[PATCH v4 00/14] iommufd: Add vIOMMU infrastructure (Part-2: vDEVICE)

Nicolin Chen nicolinc at nvidia.com
Thu Oct 24 23:14:21 PDT 2024


On Fri, Oct 25, 2024 at 04:58:33PM +1100, Alexey Kardashevskiy wrote:
> > > > > Is there any real example of a .vdevice_alloc hook, besides the
> > > > > selftests? It is not in iommufd_viommu_p2-v4-with-rmr, hence the
> > > > > question. I am trying to sketch something with this new machinery and
> > > > > less guessing would be nice.
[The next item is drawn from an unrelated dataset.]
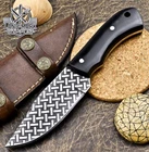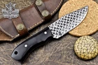 Custom Hand Made DAMASCUS STEEL HUNTING KNIFE WITH BLACK HANDLE We offer a shipping discount for More then one purchased . And discount will be apply on combine invoice, Discount will not apply on separate payment. ITEM DETAILS OVER ALL LENGTH 8.0 inches long (Approx) HANDLE LENGTH 4.0 inches long (Approx) BLADE LENGTH 4.0 inches long (Approx) BLADE HARDNESS 58-60 HRC Which Holds The Sharp Edge For Long Time. HANDLE BLACK COVER LEATHER SHEATH This Awesome custom made KNIFE has a nice hand forged with the combination of 4340 & 1080 steel. HOW OUR DAMASCUS IS MADE: All our Damascus is real and not just an acid etch. Damascus is a mixture of 1080HC and 4340 nickel carbon. You heat them up together and then fold the bar over and over to get the desired layers, ours are 396 layers. Then you burn the blade in acid, and it turns the nickel satin color and the high carbon turns blackish gray. This is how the layers are exposed to show the layers of the new steel created coined "Damascus". All Damascus is acid etched to show the layers. If you high polish the metal it will be shinny satin like all steels. Only after you burn the sides of the blade with acid do you see the layers of the two steels. Makes sense? After we make our knives we high polish the handles and put an edge on the blade. The high polishing buffs off the acid burned layer of the handle, and the blade edge is sharpened and the acid burned edge becomes satin. You can re-burn the tang of the blade near the handles and the edge of the blade and it will show the layers once more. All our knives are hand made, durable and unique ***** YOU WILL RECEIVED THE SAME KNIFE Qality Standards Our Damascus blades are made from high quality non-stainless steels which rival or exceed any Damascus blade made from the 10 series with 4340. Our Damascus combination has taken years to perfect and has been tested under a variety of application which will offer professional performance in categories of toughness, strength (lateral stress) and edge honing and holding ability. In a 5 spot Rockwell test our blades will average near or close to 58 which offers a perfect balances between its toughness and strength.Our blades due to carbon content need to be regularly treated with wax and/or 3 in 1 oil to maintain its superior quality. Questions if you have any question feel free to send us message we aim to answer all questions within 24 hours Feedback If you are not satisfied with our service please contact us before leaving any negative or natural feedback. We will resolve all issues as quickly as possible. Disclaimer We are not responsible for any injuries associated with the use of our tools. Our products are intended for legal use only by responsible buyers. Therefore, we will not sell our products to anyone under the age of 18. Before bidding please check your country laws as some countries Custom don't allow this. If your purchase is held by Custom Authorities in your country/State we will not be responsible for that and no refund will be issued Shipping We offer a 20% shipping discount for More then one purchased . And discount will be apply on combine invoice, Discount will not apply on separate payment We ship within 24 hours after receiving complete payment but this can be delayed due to week ends or Governments and Religious Festivals . . This is beyond our control and we apologize for this inconvenience. Precautions Our Tools are very sharp so open and use them very carefully We are not responsible for any injuries associated with the use of our tools Tips to Care knife 1. NEVER STORE YOUR KNIFE FOR LONG TIME IN LEATHER SHEATH. 2. LEATHER CAN ABSORB WATER, WHICH WILL RUST THE KNIFE. 3. ALWAYS CLEAN THE BLADE AFTER USING WITH OIL OR WAX

Thanks,
> > > > 
> > > > No, I am actually dropping that one, and moving the vdevice struct
> > > > to the private header, as there seems to be no use case:
> > > 
> > > Why keep it then?
> > 
> > We need that structure to store per-vIOMMU virtual ID. Hiding it
> > in the core only means we need to provide another vIOMMU APIs for
> > drivers to look up the ID, v.s. exposing it for drivers to access
> > directly.
> 
> Sorry I lost you here. If we need it, then there should be an example of
> .vdevice_alloc() somewhere but you say they is not one. How do you test
> this, with just selftests? :) Thanks,

A vDEVICE object will be core-allocated and core-managed, while the
vdevice_alloc is for driver-allocated purpose for which there is no
use case (at least with this series). You can check the vdev ioctl
in this version that has two pathways to allocate a vDEVICE object.

A vdev_id is used to index viommu's xarray for a driver to convert
the id to a dev pointer via a vIOMMU API. Dropping .vdevice_alloc
just means the driver only lost its direct access.